DATASET EXTRACT
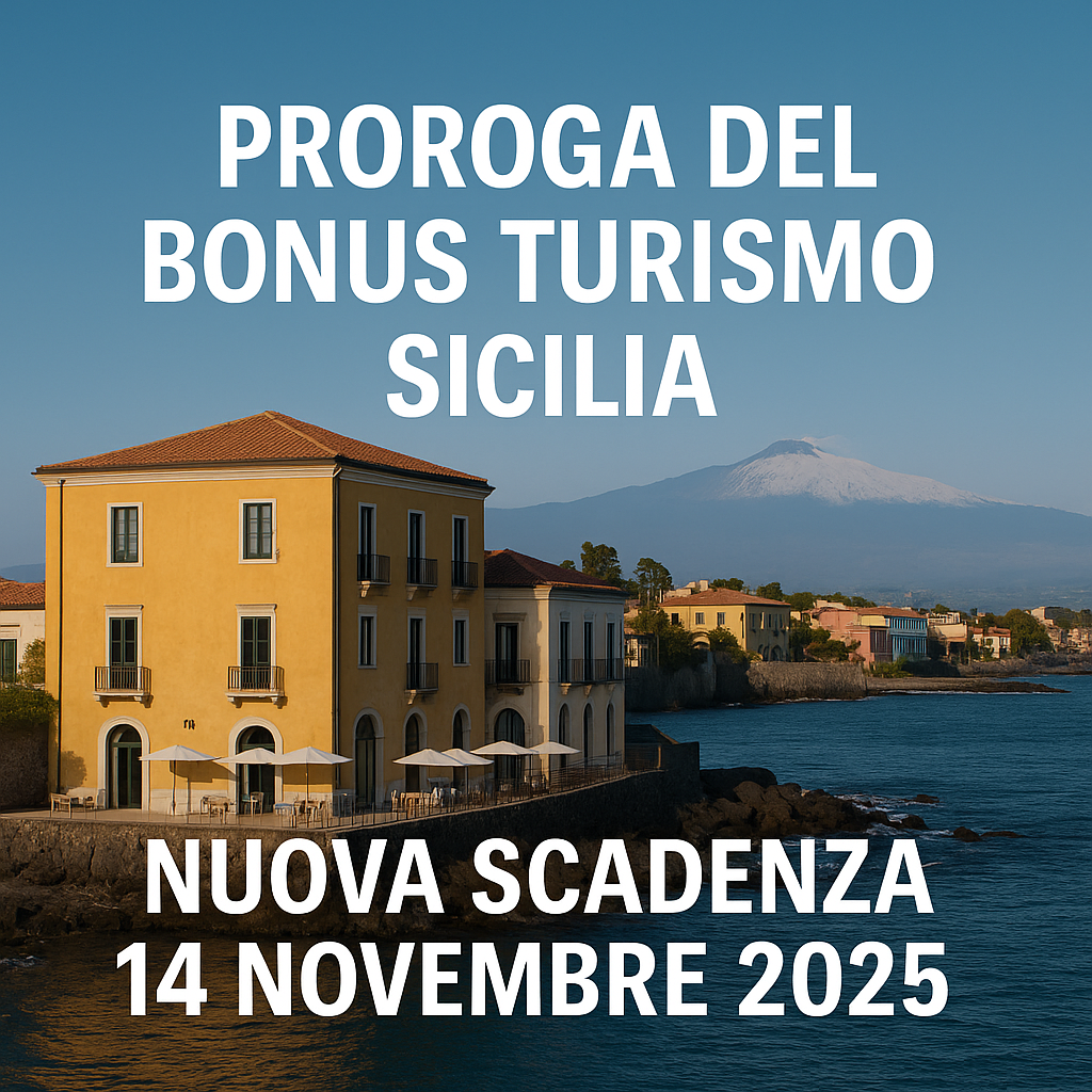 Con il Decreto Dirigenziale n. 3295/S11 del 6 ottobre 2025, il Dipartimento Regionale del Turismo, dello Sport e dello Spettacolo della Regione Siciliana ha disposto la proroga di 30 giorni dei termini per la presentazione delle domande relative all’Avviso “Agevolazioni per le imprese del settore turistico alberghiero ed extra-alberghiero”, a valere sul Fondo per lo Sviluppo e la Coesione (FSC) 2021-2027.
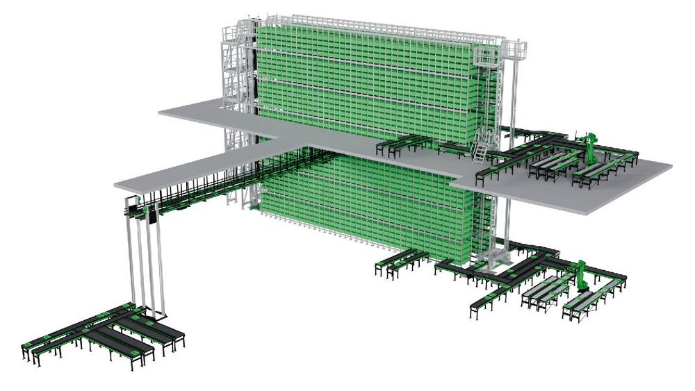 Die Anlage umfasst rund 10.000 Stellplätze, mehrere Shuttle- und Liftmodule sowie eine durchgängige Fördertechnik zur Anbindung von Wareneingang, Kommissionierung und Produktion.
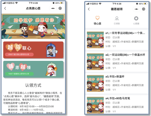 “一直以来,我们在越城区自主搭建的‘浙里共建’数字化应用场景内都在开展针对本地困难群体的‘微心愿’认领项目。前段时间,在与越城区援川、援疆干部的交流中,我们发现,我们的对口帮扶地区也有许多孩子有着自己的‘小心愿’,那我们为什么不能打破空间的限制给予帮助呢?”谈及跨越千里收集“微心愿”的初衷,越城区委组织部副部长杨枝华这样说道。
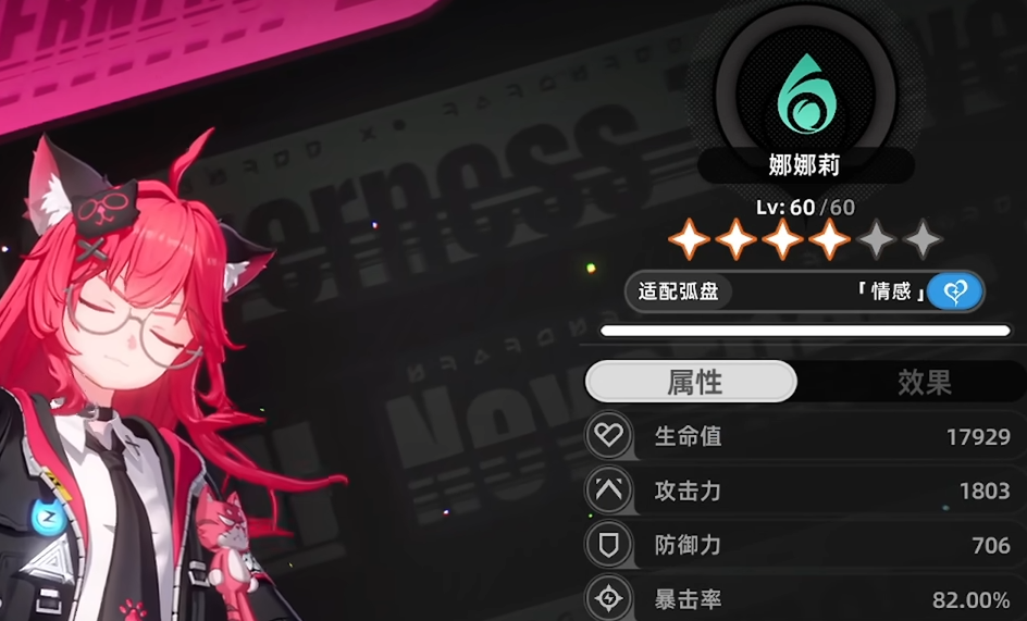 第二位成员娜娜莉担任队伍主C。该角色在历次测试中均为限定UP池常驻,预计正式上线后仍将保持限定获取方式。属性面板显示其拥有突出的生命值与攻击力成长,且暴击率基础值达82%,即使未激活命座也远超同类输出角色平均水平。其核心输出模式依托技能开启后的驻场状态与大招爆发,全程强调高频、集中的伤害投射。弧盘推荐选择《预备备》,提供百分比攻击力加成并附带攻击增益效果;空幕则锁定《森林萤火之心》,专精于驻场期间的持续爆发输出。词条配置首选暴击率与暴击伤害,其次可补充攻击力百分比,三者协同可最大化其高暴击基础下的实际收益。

WHAT YOU SHOULD DO
Write the material out again word for word and omit any images.

ANSWER FOR THE TASK
 Con il Decreto Dirigenziale n. 3295/S11 del 6 ottobre 2025, il Dipartimento Regionale del Turismo, dello Sport e dello Spettacolo della Regione Siciliana ha disposto la proroga di 30 giorni dei termini per la presentazione delle domande relative all’Avviso “Agevolazioni per le imprese del settore turistico alberghiero ed extra-alberghiero”, a valere sul Fondo per lo Sviluppo e la Coesione (FSC) 2021-2027.
 Die Anlage umfasst rund 10.000 Stellplätze, mehrere Shuttle- und Liftmodule sowie eine durchgängige Fördertechnik zur Anbindung von Wareneingang, Kommissionierung und Produktion.
 “一直以来,我们在越城区自主搭建的‘浙里共建’数字化应用场景内都在开展针对本地困难群体的‘微心愿’认领项目。前段时间,在与越城区援川、援疆干部的交流中,我们发现,我们的对口帮扶地区也有许多孩子有着自己的‘小心愿’,那我们为什么不能打破空间的限制给予帮助呢?”谈及跨越千里收集“微心愿”的初衷,越城区委组织部副部长杨枝华这样说道。
 第二位成员娜娜莉担任队伍主C。该角色在历次测试中均为限定UP池常驻,预计正式上线后仍将保持限定获取方式。属性面板显示其拥有突出的生命值与攻击力成长,且暴击率基础值达82%,即使未激活命座也远超同类输出角色平均水平。其核心输出模式依托技能开启后的驻场状态与大招爆发,全程强调高频、集中的伤害投射。弧盘推荐选择《预备备》,提供百分比攻击力加成并附带攻击增益效果;空幕则锁定《森林萤火之心》,专精于驻场期间的持续爆发输出。词条配置首选暴击率与暴击伤害,其次可补充攻击力百分比,三者协同可最大化其高暴击基础下的实际收益。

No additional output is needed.